> [Given records]:
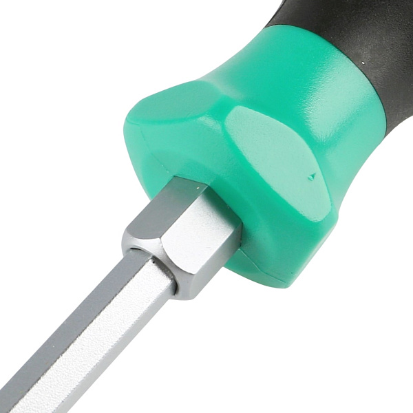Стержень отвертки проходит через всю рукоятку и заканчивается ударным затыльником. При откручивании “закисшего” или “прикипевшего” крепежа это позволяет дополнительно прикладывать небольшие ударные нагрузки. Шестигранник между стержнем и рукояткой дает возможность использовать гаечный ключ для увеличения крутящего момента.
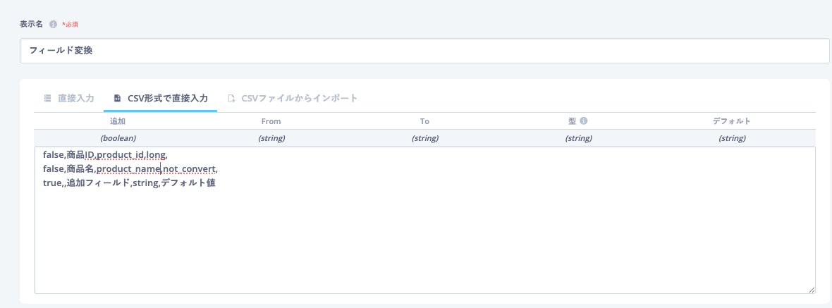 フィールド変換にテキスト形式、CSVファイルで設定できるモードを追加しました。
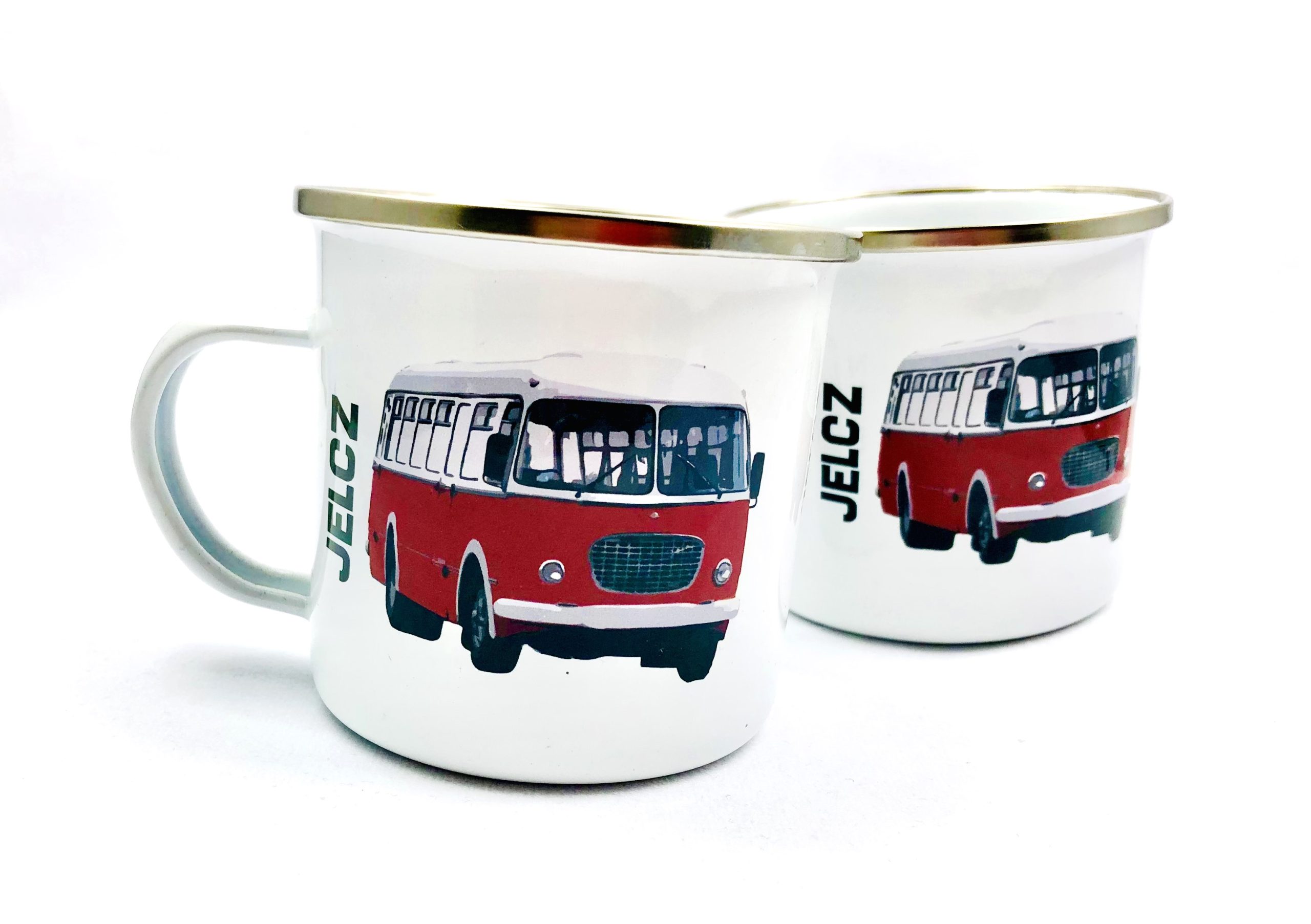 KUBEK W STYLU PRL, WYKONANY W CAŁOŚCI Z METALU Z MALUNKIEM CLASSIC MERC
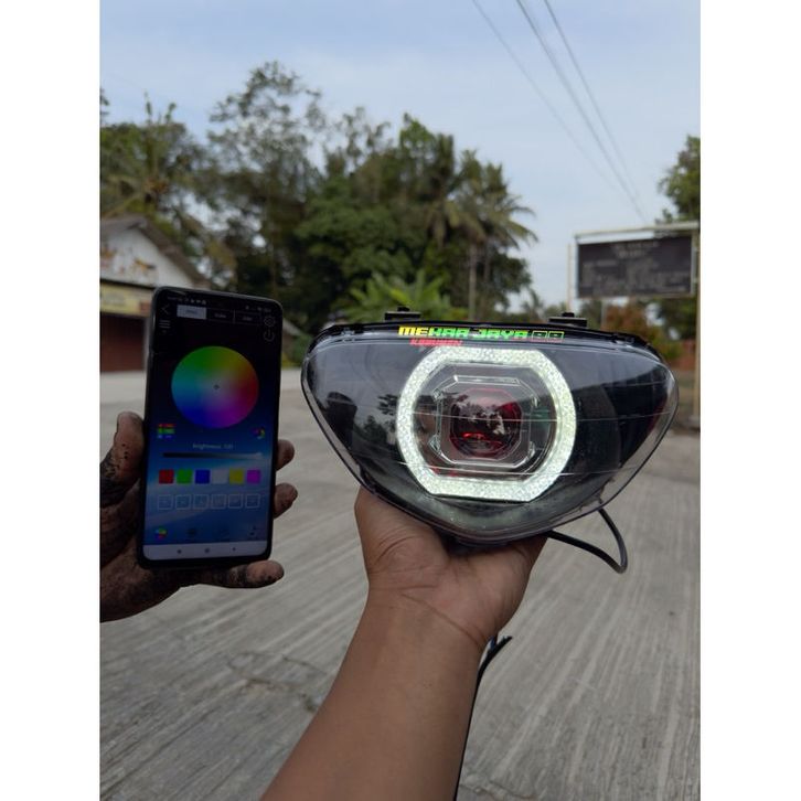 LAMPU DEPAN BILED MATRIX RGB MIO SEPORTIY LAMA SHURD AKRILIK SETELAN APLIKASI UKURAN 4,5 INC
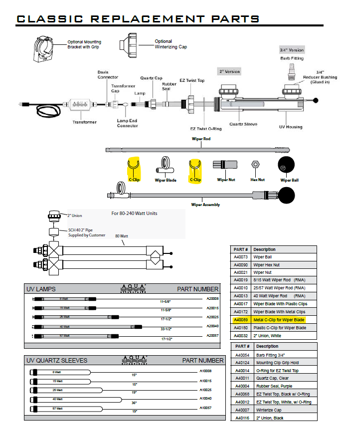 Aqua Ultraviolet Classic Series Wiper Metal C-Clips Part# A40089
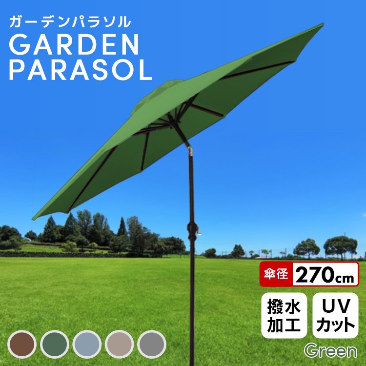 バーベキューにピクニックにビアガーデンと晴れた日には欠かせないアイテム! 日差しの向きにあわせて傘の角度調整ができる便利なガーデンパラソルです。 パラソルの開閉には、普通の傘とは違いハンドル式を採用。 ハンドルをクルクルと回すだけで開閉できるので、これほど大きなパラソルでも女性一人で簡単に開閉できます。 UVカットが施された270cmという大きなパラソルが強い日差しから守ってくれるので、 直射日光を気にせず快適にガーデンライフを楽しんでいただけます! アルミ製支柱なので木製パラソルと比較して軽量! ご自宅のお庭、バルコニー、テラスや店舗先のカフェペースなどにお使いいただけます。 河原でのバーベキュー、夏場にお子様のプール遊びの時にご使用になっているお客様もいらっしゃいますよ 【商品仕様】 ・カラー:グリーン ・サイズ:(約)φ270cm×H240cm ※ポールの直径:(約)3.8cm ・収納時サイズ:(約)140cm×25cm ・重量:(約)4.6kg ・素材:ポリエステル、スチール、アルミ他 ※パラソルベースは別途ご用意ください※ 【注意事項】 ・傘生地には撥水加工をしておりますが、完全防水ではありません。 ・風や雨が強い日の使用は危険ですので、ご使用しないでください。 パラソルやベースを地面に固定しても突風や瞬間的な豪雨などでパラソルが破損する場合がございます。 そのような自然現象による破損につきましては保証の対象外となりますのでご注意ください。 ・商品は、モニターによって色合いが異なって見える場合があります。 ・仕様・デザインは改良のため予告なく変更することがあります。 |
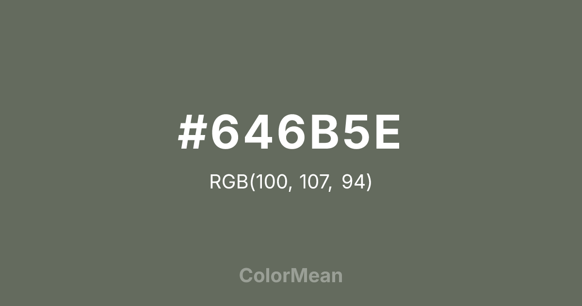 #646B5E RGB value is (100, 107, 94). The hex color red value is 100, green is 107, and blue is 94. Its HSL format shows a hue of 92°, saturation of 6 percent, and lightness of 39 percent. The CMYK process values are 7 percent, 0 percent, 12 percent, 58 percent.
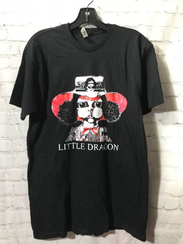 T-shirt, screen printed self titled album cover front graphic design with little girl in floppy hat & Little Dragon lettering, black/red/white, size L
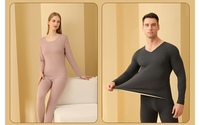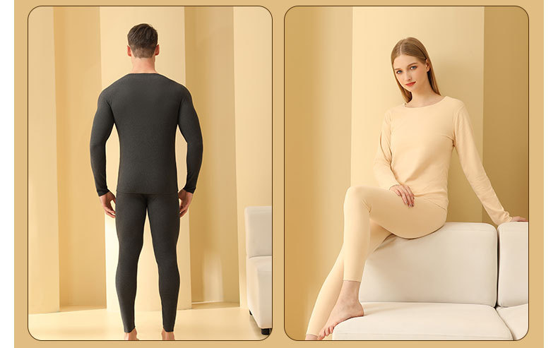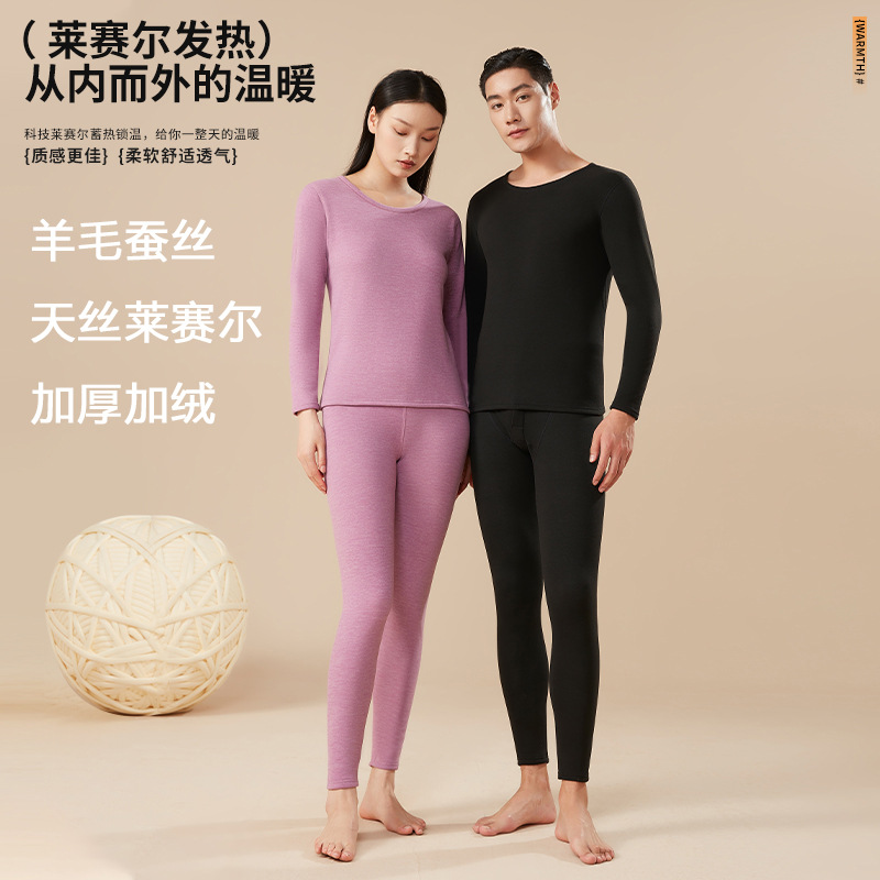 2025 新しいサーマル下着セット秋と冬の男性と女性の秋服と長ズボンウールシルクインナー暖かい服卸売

> [What the task requires]: Set the pictures aside and transcribe the data above exactly.

> [Solution for this exercise]:
Стержень отвертки проходит через всю рукоятку и заканчивается ударным затыльником. При откручивании “закисшего” или “прикипевшего” крепежа это позволяет дополнительно прикладывать небольшие ударные нагрузки. Шестигранник между стержнем и рукояткой дает возможность использовать гаечный ключ для увеличения крутящего момента.
 フィールド変換にテキスト形式、CSVファイルで設定できるモードを追加しました。
 KUBEK W STYLU PRL, WYKONANY W CAŁOŚCI Z METALU Z MALUNKIEM CLASSIC MERC
 LAMPU DEPAN BILED MATRIX RGB MIO SEPORTIY LAMA SHURD AKRILIK SETELAN APLIKASI UKURAN 4,5 INC
 Aqua Ultraviolet Classic Series Wiper Metal C-Clips Part# A40089
 バーベキューにピクニックにビアガーデンと晴れた日には欠かせないアイテム! 日差しの向きにあわせて傘の角度調整ができる便利なガーデンパラソルです。 パラソルの開閉には、普通の傘とは違いハンドル式を採用。 ハンドルをクルクルと回すだけで開閉できるので、これほど大きなパラソルでも女性一人で簡単に開閉できます。 UVカットが施された270cmという大きなパラソルが強い日差しから守ってくれるので、 直射日光を気にせず快適にガーデンライフを楽しんでいただけます! アルミ製支柱なので木製パラソルと比較して軽量! ご自宅のお庭、バルコニー、テラスや店舗先のカフェペースなどにお使いいただけます。 河原でのバーベキュー、夏場にお子様のプール遊びの時にご使用になっているお客様もいらっしゃいますよ 【商品仕様】 ・カラー:グリーン ・サイズ:(約)φ270cm×H240cm ※ポールの直径:(約)3.8cm ・収納時サイズ:(約)140cm×25cm ・重量:(約)4.6kg ・素材:ポリエステル、スチール、アルミ他 ※パラソルベースは別途ご用意ください※ 【注意事項】 ・傘生地には撥水加工をしておりますが、完全防水ではありません。 ・風や雨が強い日の使用は危険ですので、ご使用しないでください。 パラソルやベースを地面に固定しても突風や瞬間的な豪雨などでパラソルが破損する場合がございます。 そのような自然現象による破損につきましては保証の対象外となりますのでご注意ください。 ・商品は、モニターによって色合いが異なって見える場合があります。 ・仕様・デザインは改良のため予告なく変更することがあります。 |
 #646B5E RGB value is (100, 107, 94). The hex color red value is 100, green is 107, and blue is 94. Its HSL format shows a hue of 92°, saturation of 6 percent, and lightness of 39 percent. The CMYK process values are 7 percent, 0 percent, 12 percent, 58 percent.
 T-shirt, screen printed self titled album cover front graphic design with little girl in floppy hat & Little Dragon lettering, black/red/white, size L
 2025 新しいサーマル下着セット秋と冬の男性と女性の秋服と長ズボンウールシルクインナー暖かい服卸売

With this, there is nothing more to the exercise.